● THE TASK: Print exactly what appears from the line containing "中银证券:游戏行业事件点评:网易24Q1" through the final line of the data below, pictures excluded.

Records from a dataset
----

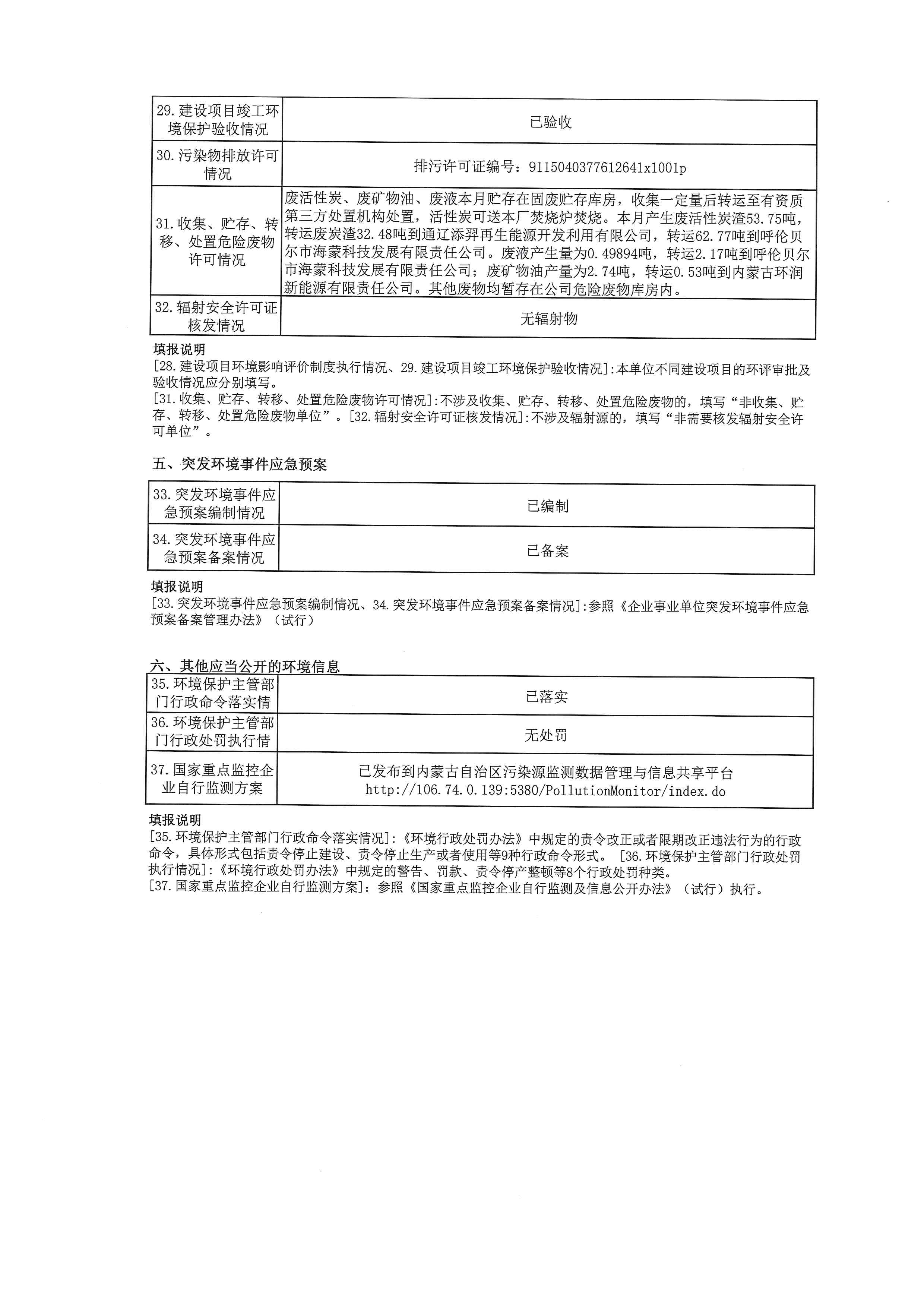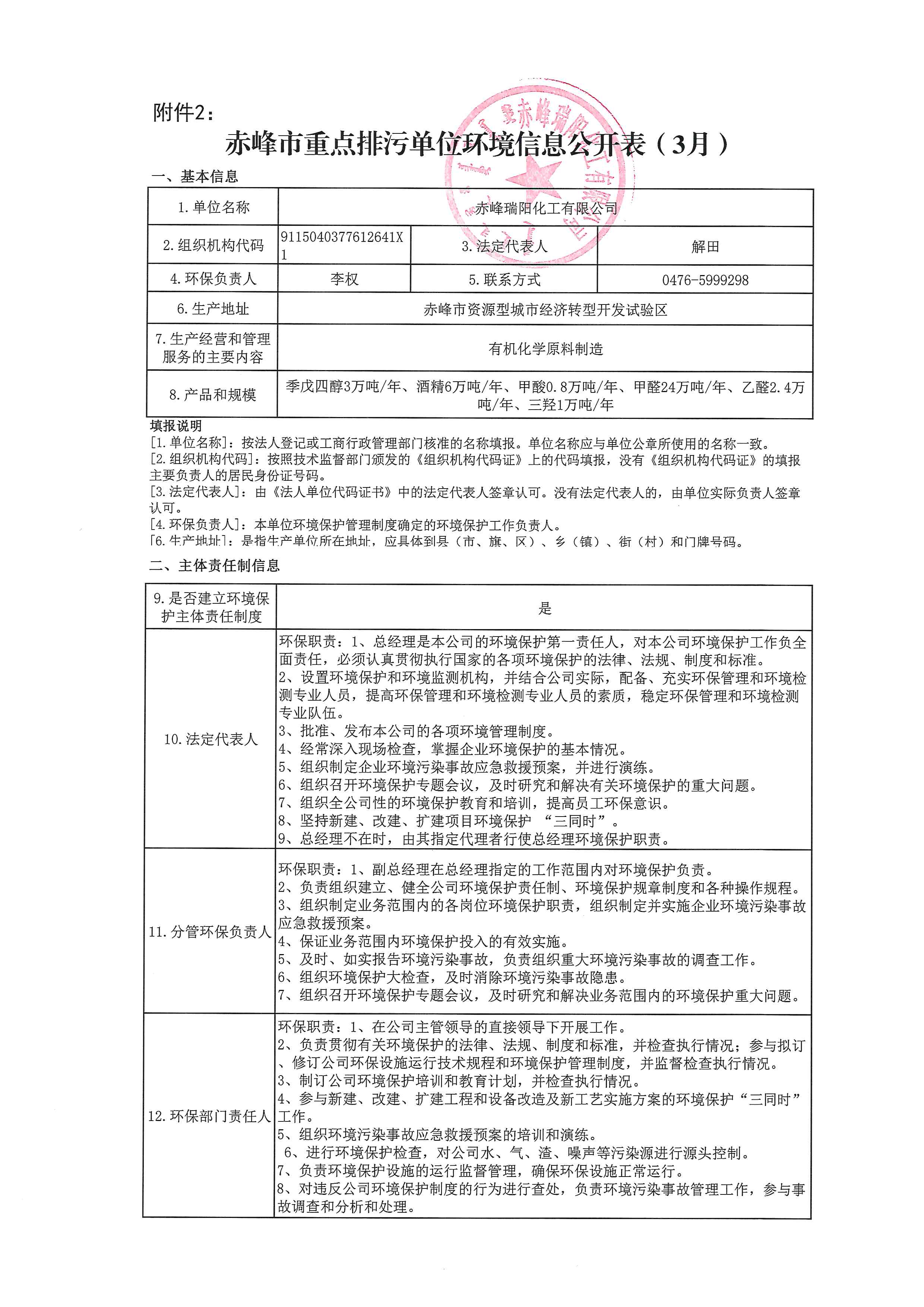 赤峰市重點排污單位環境信息公開表【3月】
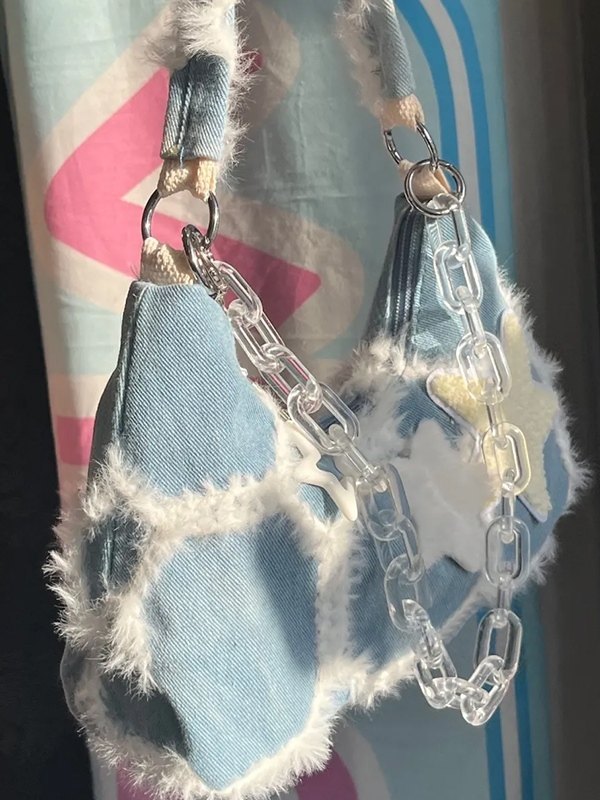 Sternkette verschönert Patchwork-Schultertasche mit Schnalle
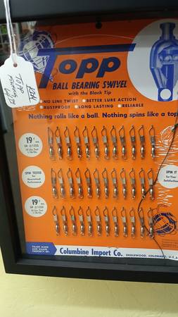 Shelby razor blade counter top display, Fins and Deuces punch board, Topp ball bearing fishing swivels from Englewood Colorado, Debonair snake key chain, gold plated key holder, Black Wax theatrical makeup. All in booth KDM at the Colorado Antique Gallery 5501 south Broadway Littleton 80121. As you can see nicely framed in shadow boxes. Most from the 1940s and 1950s. See my other items under Neon, or neon sign or neon clock harley davidson, lexus stewart warner, tivoli Pizza Hut neon clock, Harley Davidson neon clock Budweiser neon bottle. Great man cave items . Valentines day
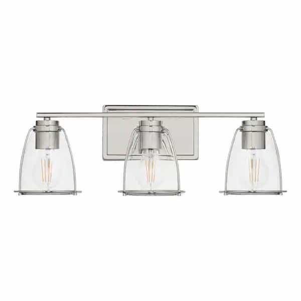 Oversized clear glass shades own the design without taking away from your space with the Brooke Park 3-Light Bath Vanity Light. Each shade features a metal rim at its open bottom. Sleek light bases align in a linear fashion along a smooth horizontal bar anchored to a beveled backplate. The design is coated in a crisp polished nickel finish sure to elevate any new traditional style setting. Bulbs not included.
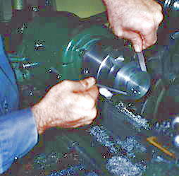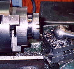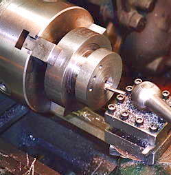 Change to a narrow round-nose bit, turn down the running surface to diametre, then take a strip of emerycloth and polish it up to a mirror surface. You want the lathe humming on this operation - I used 1260 rpm, because that is as fast as she'll go.
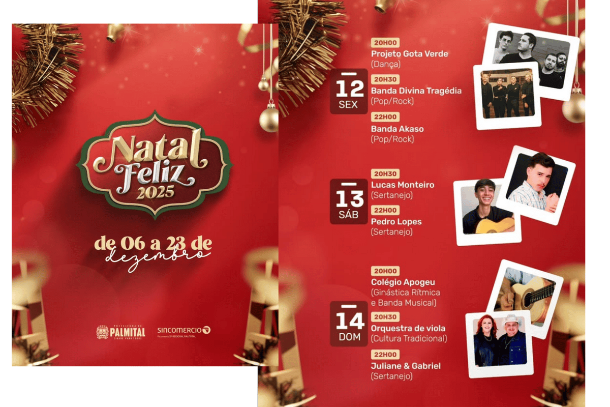 A Prefeitura de Palmital mantém a programação do Natal Feliz 2025, que segue até o dia 23 de dezembro com apresentações culturais na Praça Matriz. Neste final de semana, a cidade volta a receber shows de música, dança e manifestações tradicionais, sempre a partir das 20h, com entrada gratuita e classificação livre.
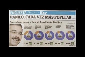Un 87.4% de la población aprueba la forma de gobernar del presidente Danilo Medina, revelan los resultados de la encuesta Gallup-Hoy que publica ese diario esta mañana.El gobernante mantiene altos niveles de popularidad a casi dos años de mandato, porque su estilo genera confianza y esperanza en la mayoría de los dominicanos y dominicanas, que aseguran Danilo Medina gobierna para el bienestar de todo el pueblo.
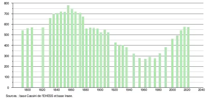 L'évolution du nombre d'habitants est connue à travers les recensements de la population effectués dans la commune depuis 1793. Pour les communes de moins de 10 000 habitants, une enquête de recensement portant sur toute la population est réalisée tous les cinq ans, les populations légales des années intermédiaires étant quant à elles estimées par interpolation ou extrapolation[19]. Pour la commune, le premier recensement exhaustif entrant dans le cadre du nouveau dispositif a été réalisé en 2006[20].
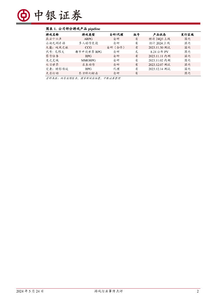 中银证券:游戏行业事件点评:网易24Q1:手游收入增长强劲,云音乐毛利率同比大增.pdf
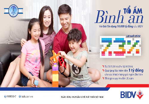 HOANHAP.VN - Nhằm hỗ trợ tích cực, hiệu quả cho khách hàng cá nhân vay nhu cầu nhà, từ 09/05/2016 đến 30/09/2016, Ngân hàng TMCP Đầu tư và Phát triển Việt Nam - BIDV triển khai Chương trình “Tổ ấm Bình An 2016” với nhiều ưu đãi hấp dẫn, quy mô tổng nguồn vốn lên đến 10.000 tỷ đồng và thời gian vay lên đến 20 năm.

----

● OUTPUT FOR THIS TASK:
 中银证券:游戏行业事件点评:网易24Q1:手游收入增长强劲,云音乐毛利率同比大增.pdf
 HOANHAP.VN - Nhằm hỗ trợ tích cực, hiệu quả cho khách hàng cá nhân vay nhu cầu nhà, từ 09/05/2016 đến 30/09/2016, Ngân hàng TMCP Đầu tư và Phát triển Việt Nam - BIDV triển khai Chương trình “Tổ ấm Bình An 2016” với nhiều ưu đãi hấp dẫn, quy mô tổng nguồn vốn lên đến 10.000 tỷ đồng và thời gian vay lên đến 20 năm.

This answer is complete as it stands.